Cooking Tips and Variations

For Perfectly Scrambled Eggs: The key to fluffy, tender scrambled eggs is low and slow cooking. Avoid high heat, which can make them rubbery. Stir gently and consistently, pulling the cooked egg from the sides to the center. For an extra creamy texture, you can whisk in a tablespoon of milk or cream with the eggs before cooking.

Choosing a Ripe Avocado: A perfectly ripe avocado will yield slightly to gentle pressure when squeezed in the palm of your hand. Avoid avocados that are too hard (under-ripe) or too soft (over-ripe and stringy). If your avocado isn’t quite ripe, you can speed up the process by placing it in a brown paper bag with an apple or banana for a day or two.

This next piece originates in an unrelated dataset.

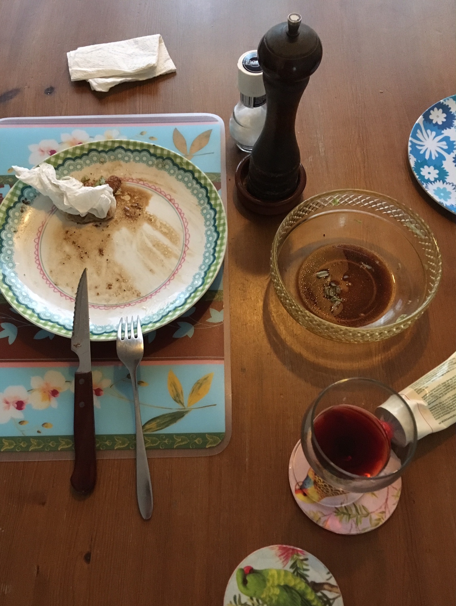 Ossenhaas, champignons, gebakken aardappelen, salade en een glas Merlot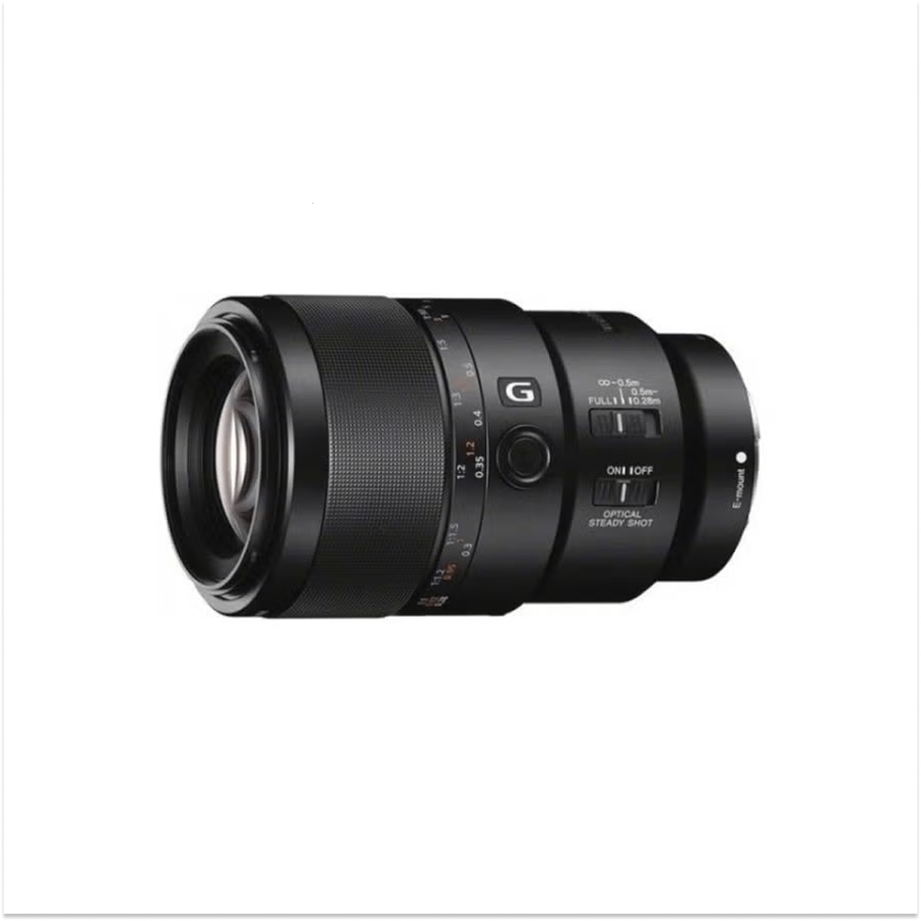 Sony FE 90mm f/2.8 Macro G OSS Lens. Optimized for macro shooting, this medium telephoto lens utilizes an aspherical element along with extra-low dispersion and super extra-low dispersion glass in order to create sharp imagery with minimal aberration. Also, it has a Nano AR Coating that suppresses reflections and allows for efficient light transmission for clear photographs. Its maximum aperture of f/2.8 is effective when shooting in low light and allows for shallow depth-of-field focus. An internal focus system in which only the middle optical groups move when focusing provides fast autofocus action and a short minimum focus distance of 11″. Also, the lens does not extend when focusing and the front end does not rotate. The Direct Drive Super Sonic Wave AF motor employs piezoelectric elements oscillating at ultrasonic frequencies to drive the focus lens with accuracy and near-silence. The focus ring slides back and forth to select manual or auto focus and with a focus hold button and focus limiter switch, the lens offers precise control of where you place focus. An optical image stabilization system uses gyro sensors to detect camera movement and quiet linear motors to shift the stabilization lens for blur control that is very helpful when shooting macro and/or in low light. Nine circular aperture blades create a unique diaphragm design that is almost perfectly circular throughout its aperture range and thus helps to create pleasing out-of-focus highlights. Finally, a handsome and sturdy build with a dust and moisture resistant design contributes to the overall quality and durability of this fine optic.

Bread Matters: While any bread works, a sturdy, crusty bread like sourdough or a dense whole wheat will hold up best to the toppings and provide a satisfying texture contrast. Gluten-free bread is also an excellent option for those with dietary restrictions.

Salad Dressing Variations: For the garden salad, you can get creative with your dressing. A balsamic vinaigrette, a light herb dressing, or even a simple drizzle of apple cider vinegar can be wonderful alternatives to lemon and olive oil. Feel free to add other salad ingredients like bell peppers, radishes, or red onion slices for extra crunch and flavor.

Spice It Up: If you love a little heat, a generous pinch of red pepper flakes or a dash of your favorite hot sauce on the avocado or eggs can add a fantastic kick.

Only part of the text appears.